The target app can be launched in the foreground (the app takes focus) or activated in the background (Cortana retains focus but provides results from the app), depending on the complexity of the interaction. For example, voice commands that require additional context or user input (such as sending a message to a specific contact) are best handled in a foreground app, while basic commands can be handled in Cortana through a background app.

 

We demonstrate these features here with a trip planning and management app named Adventure Works.

To create a new Adventure Works trip without Cortana, a user would launch the app and navigate to the New trip page. To view an existing trip, a user would launch the app, navigate to the Upcoming trips page, and select the trip.

Using voice commands through Cortana, the user can instead just say, "Adventure Works add a trip" or "Add a trip on Adventure Works" to launch the app and navigate to the New trip page. In turn, saying "Adventure Works, show my trip to London" will launch the app and navigate to the Trip detail page, shown here.

These are the basic steps to add voice-command functionality and integrate Cortana with your app using speech or keyboard input:

  1. Create a VCD file. This is an XML document that defines all the spoken commands that the user can say to initiate actions or invoke commands when activating your app. See VCD elements and attributes v1.2.
  2. Register the command sets in the VCD file when the app is launched.
  3. Handle the activation-by-voice-command, navigation within the app, and execution of the command.

Objective: To learn how to enable foreground voice commands.

Prerequisites

If you're new to developing Windows Store apps using C++, C#, or Visual Basic:

To complete this tutorial, have a look through these topics to get familiar with the technologies discussed here.

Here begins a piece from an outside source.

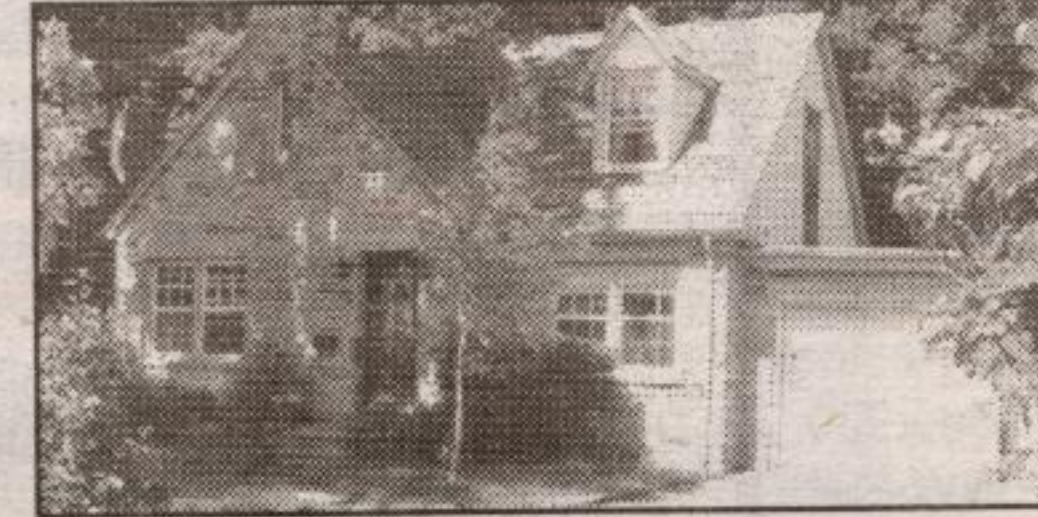
Georgetown - $299,000

User experience guidelines:

See Cortana design guidelines for how to integrate your app with Cortana and Speech design guidelines for helpful tips on designing a useful and engaging speech-enabled app.

1. Create a VCD file

  1. In Visual Studio, right-click the project name, select Add->New Item, and then select XML File.
  2. Type a name for the VCD file. For example, "AdventureWorksCommands.xml". Select Add.
  3. In Solution Explorer, select the VCD file.
  4. In the Properties window, set Build action to Content, and then set Copy to output directory to Copy if newer.

2. Edit the VCD file

For each language supported by your app, create a CommandSet of voice commands that your app can handle.

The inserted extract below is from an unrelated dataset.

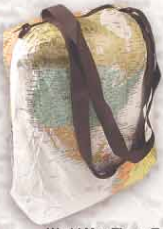
World Map Zipper Tote 18" h x 13" w (North America / Europe shows on opposite side)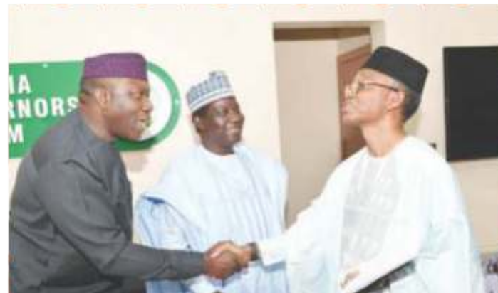
el-Rufai congratulates his nominee as Lalong, Chairman Northern Governors' Forum looks on with a smile

Each Command declared in a VCD file must include this information:

  • A command Name used by the application to identify the the voice command at runtime

  • An Example element that contains a phrase describing how a user can invoke the command. Cortana shows this example when the user says "What can I say?", "Help", or they tap See more.

  • A ListenFor element that contains the words or phrases that your app recognizes to initiate a command. Each command needs to have at least one ListenFor element.

  • A Feedback element that contains the text for Cortana to display and speak as the application is launched.

  • A Navigate element to indicate that the voice command is to launch the app in the foreground. Specify a VoiceCommandService element if the voice command launches the app in the background instead. See Launch a background app with voice commands in Cortana (XAML) for more details.

See the VCD elements and attributes v1.2 reference for more detail.

You can specify multiple language versions for the commands used to activate your app and execute a command. You can create multiple CommandSet elements, each with a different xml:lang attribute to allow your app to be used in different markets. For example, an app for the United States might have a CommandSet for English and a CommandSet for Spanish.

Caution  

To activate an app and initiate an action using a voice command, the app must register a VCD file that contains a CommandSet with a language that matches the speech language that the user selected on their device. This language is set by the user on the device Settings > System > Speech > Speech Language screen.

 

Here's a VCD file that defines a voice command for the Adventure Works app.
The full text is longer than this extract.